In this way, the stack pointer has been reset to the original position for the next block:

```
33 OP_PICK
21 OP_PICK
OP_ADD
198
OP_EQUAL
OP_ADD
```

Now, what conditions have to be met in order to validate the transaction? Well, after a whole bunch of these code sections, we see the following:

```
OP_NIP OP_NIP OP_NIP OP_NIP
OP_NIP OP_NIP OP_NIP OP_NIP
OP_NIP OP_NIP OP_NIP OP_NIP
OP_NIP OP_NIP OP_NIP OP_NIP
OP_NIP OP_NIP OP_NIP OP_NIP
OP_NIP OP_NIP OP_NIP OP_NIP
OP_NIP OP_NIP OP_NIP OP_NIP
OP_NIP OP_NIP OP_NIP OP_NIP
OP_NIP OP_NIP OP_NIP OP_NIP
OP_NIP OP_NIP
38
OP_EQUAL
```

The `OP_NIP`

operation removes the second value from the top of the stack. So as we go operation by operation, the values from before are removed and we are left with just the sum value:

```
--- << base
sum
```

Then we push `38`

and check for equality. Now in order for the transaction to be valid, the script must end with a non-zero value at the top of the stack. So our sum must be equal to `38`

. Since there are exactly 38 code sections, all of the equality checks must be true.
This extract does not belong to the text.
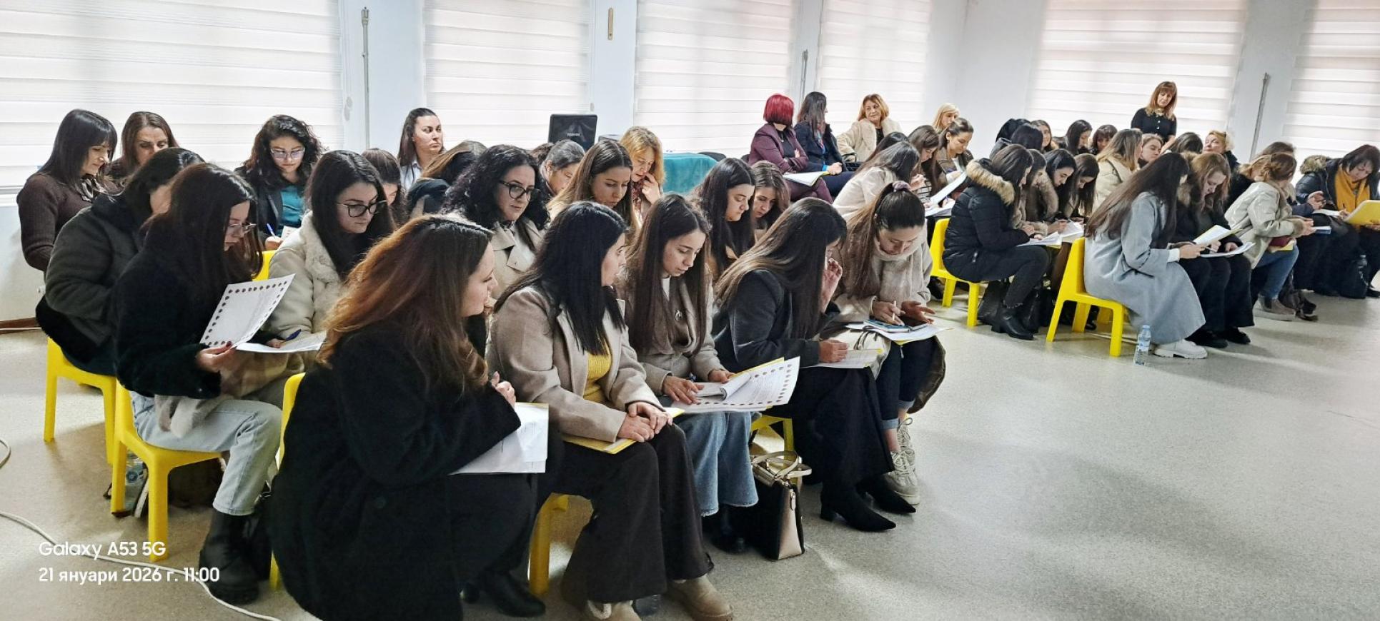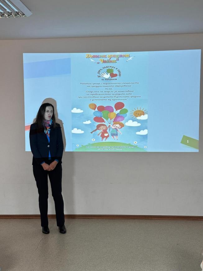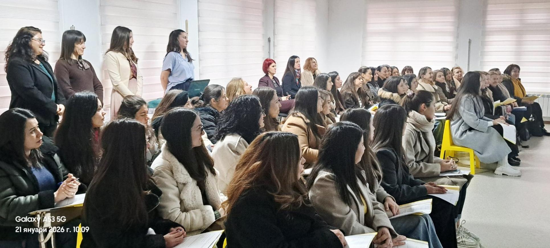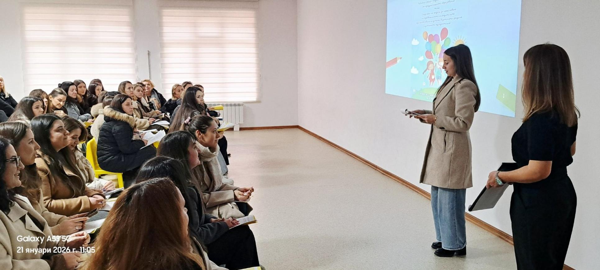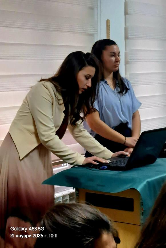 Фотогалерия » 21.01.2026г. Работна среща с педагогически специалисти от предучилищното образование на тема: "Споделяне на модели за намаляване на тревожността на родителите при постъпване на детето в детската градина и успешната му адаптация"

Essentially this leaves us with a bunch of equations we have to satisfy to determine the flag.

# Other section types:

There are two other types of sections that maintain the stack frame:

#### Adding with a constant

```
1 OP_PICK
113
OP_ADD
238
OP_EQUAL
OP_ADD
```

In this case, we check if `val_1 + 113 == 238`

. Since this must be true, we can determine that `val_1`

is equal to `125`

or `'}'`

. Since flags are of the format `flag{md5}`

we can deduce that the flag is stored backwards from the top of the stack like so:

```
}
val_2
val_3
...
val_33
{
g
a
l
f
```

#### Hash Check

The third block type is a hash comparison such as:

```
30 OP_PICK
OP_RIPEMD160
412fc6097e62d5c494b8df37e3805805467d1a2c
OP_EQUAL
OP_ADD
```

This is checking whether `ripemd160(val_30) == '412fc6097e62d5c494b8df37e3805805467d1a2c'`

. Since we know that `val_30`

is a single ascii character, we only have to brute force a space of `2^7`

which can be done like so:

```
import hashlib
def find(hash_string):
for i in range(32,128):
c = chr(i)
h = hashlib.new('ripemd160')
h.update(c)
if h.hexdigest() == hash_string:
return c
return ''
```

```
>>> find('412fc6097e62d5c494b8df37e3805805467d1a2c')
'2'
```

# The Boring Part

Now, we have a series of equations and all that’s left to do is find a flag such that all the equations are true. Unfortunately, after you go through and fill in all the constant ones, none of the other characters are forced to any value.

*Example equations below (left side is character index, right side is raw value)*

```
10 + 22 = 99
13 + 10 = 105
4 + 10 = 148
33 + 20 = 198
29 + 24 = 104
26 + 28 = 148
6 + 2 = 157
5 + 2 = 157
...
```

It felt kind of like a less exciting sudoku puzzle.

In fact, I found two distinct sets of characters that had no equations comparing them to the other set.

After I had gone through all the equations, I actually had three flags that appeared to pass all the checks:

```
flag{e612123bd7128a3df7598a6198fffc97}
flag{e622223bc6128a4ce7698a6198feec88}
flag{e632323bb5128a5bd7798a6198fddc79}
```

*Note: I’m not sure if I made a mistake here or if there was a slight logic error in the problem creation*

As the saying goes, “the third flag’s the charm,” or something like that.